There are some special accounts that are domains but cannot contain any other accounts or are otherwise atypical. ACME is a token issuer, not an identity; however is not within anything so it is a domain. Similarly, lite data accounts exist outside of any container. However, neither of these are identities: they cannot contain other accounts.
Two accounts are said to be local if they belong to the same domain and remote if they do not. Locality relates specifically to the root of an account. Two accounts that belong to different sub-ADIs are still local to each other if they have the same root identity.

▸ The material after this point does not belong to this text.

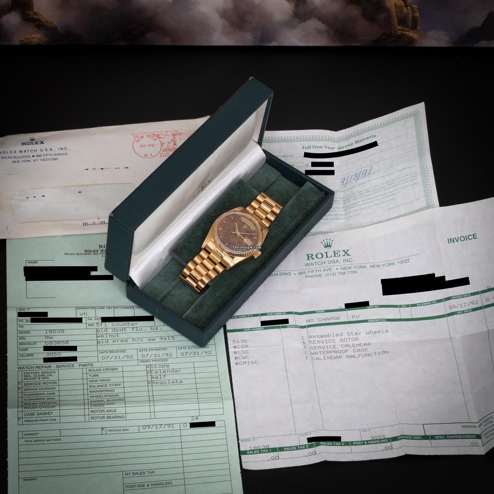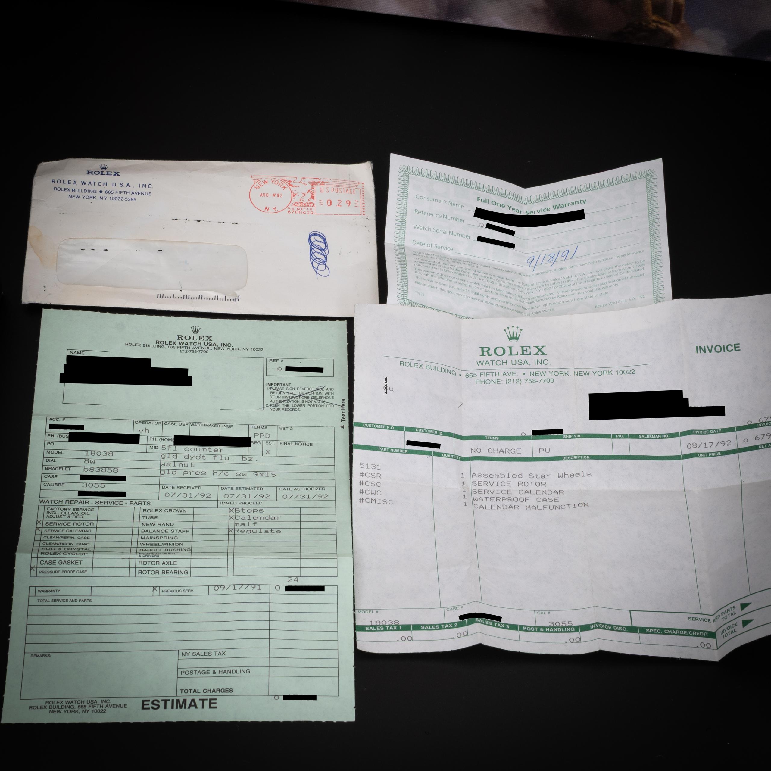 Includes: Rolex Service box and Rolex USA service paperwork dated 1991 and 1992 (service invoices/warranty documents shown in the photos).

Domains are siloed from each other. A domain cannot interact directly with any other domain. More generally, two accounts cannot interact directly if they are not local to each other; that is if they do not belong to the same domain. A transaction is executed within the context of some account; a transaction is expressly forbidden from interacting with (modifying) any account that is not local to its principal. In other words, a transaction may only interact with accounts that belong to the same domain as the transaction's principal.